Suspensory Act 1914
- Parliament of the United Kingdom
- Long title: An Act to suspend the operation of the Government of Ireland Act, 1914, and the Welsh Church Act, 1914.
- Citation: 4 & 5 Geo. 5. c. 88
- Territorial extent: England and Wales; Ireland;

Dates
- Royal assent: 18 September 1914
- Commencement: 18 September 1914

Other legislation
- Repealed by: Statute Law Revision Act 1927
- Relates to: Government of Ireland Act 1914; Welsh Church Act 1914;

Status: Repealed

Text of statute as originally enacted

= Suspensory Act 1914 =

1914 United Kingdom act of Parliament

The Suspensory Act 1914 (4 & 5 Geo. 5 c. 88) was an act of the Parliament of the United Kingdom which suspended the coming into force of two other acts: the Welsh Church Act 1914 (for the disestablishment of the Church of England in Wales), and the Government of Ireland Act 1914 (Third Home Rule Bill for Ireland). The Suspensory Act 1914 received royal assent on the same day as the two acts it suspended, on 18 September 1914.

==Background==
Welsh disestablishment and Irish home rule were both major policies of H. H. Asquith's Liberal government that had met with considerable controversy and parliamentary opposition in the 1910s. By the summer of 1914, however, the enactment of both measures seemed inevitable as the provisions set out by the Parliament Act 1911 had been met, allowing the government to force them through, despite the opposition of the House of Lords, if it so chose.

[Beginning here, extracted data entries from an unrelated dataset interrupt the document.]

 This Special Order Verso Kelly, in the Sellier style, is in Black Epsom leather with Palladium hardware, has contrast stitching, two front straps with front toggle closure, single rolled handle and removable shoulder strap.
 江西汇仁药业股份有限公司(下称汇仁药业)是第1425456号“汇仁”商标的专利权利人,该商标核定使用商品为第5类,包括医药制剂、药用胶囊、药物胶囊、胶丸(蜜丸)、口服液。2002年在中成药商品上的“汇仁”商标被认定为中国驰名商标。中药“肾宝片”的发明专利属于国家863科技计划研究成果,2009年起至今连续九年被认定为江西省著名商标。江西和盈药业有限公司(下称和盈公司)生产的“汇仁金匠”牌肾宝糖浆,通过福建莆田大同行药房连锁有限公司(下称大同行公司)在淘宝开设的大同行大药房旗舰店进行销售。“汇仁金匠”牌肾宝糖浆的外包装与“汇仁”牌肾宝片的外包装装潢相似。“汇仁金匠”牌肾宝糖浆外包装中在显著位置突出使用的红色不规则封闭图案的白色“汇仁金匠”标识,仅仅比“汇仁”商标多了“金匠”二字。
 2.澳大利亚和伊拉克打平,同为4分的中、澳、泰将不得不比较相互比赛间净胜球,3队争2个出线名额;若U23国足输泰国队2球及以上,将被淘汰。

Upon the outbreak of war with Germany, the government had agreed a "political truce" with the opposition Conservative leader, Bonar Law. Asquith decided, however, that the two controversial bills should nevertheless be put to the King, together with a new bill suspending their operation; this prompted Law to lead a Unionist walk-out from the House of Commons.

All three bills received royal assent on the same day, 18 September.

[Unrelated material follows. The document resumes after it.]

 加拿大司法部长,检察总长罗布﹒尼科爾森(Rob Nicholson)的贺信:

==Effect of the Suspensory Act 1914==
A short act with only one substantive section, the Suspensory Act 1914 provided that "no steps shall be taken to put the Government of Ireland Act into operation ... until the expiration of twelve months ... or if the present war has not ended, until such later date ... as may be fixed", and that the "date of disestablishment" as defined by the Welsh Church Act 1914 would be postponed, until 18 September 1915; if the war were still under way at that time, the government were empowered to push the two acts' suspension further back.

On 14 September 1915 an Order in Council made under the Suspensory Act 1914 suspended the Government of Ireland Act 1914 for a further six months (i.e. until 18 March 1916), and postponed Welsh disestablishment until the end of the war. A subsequent series of Orders in Council, dated 29 February 1916, 7 September 1916, 13 March 1917, 22 August 1917, 27 February 1918, 4 September 1918, 12 March 1919, 18 August 1919, 2 March 1920, and 13 August 1920 suspended the Government of Ireland Act 1914 in further blocks of six months until the Government of Ireland Act 1920 (passed 23 December 1920) repealed the 1914 act. However, the 1920 act was never fully implemented either, due to the Irish War of Independence (culminating in the independence from the United Kingdom of most of Ireland as the Irish Free State); home rule was only established in Northern Ireland.

Welsh disestablishment was further postponed by the Welsh Church (Temporalities) Act 1919 until 31 March 1920, when it finally went ahead.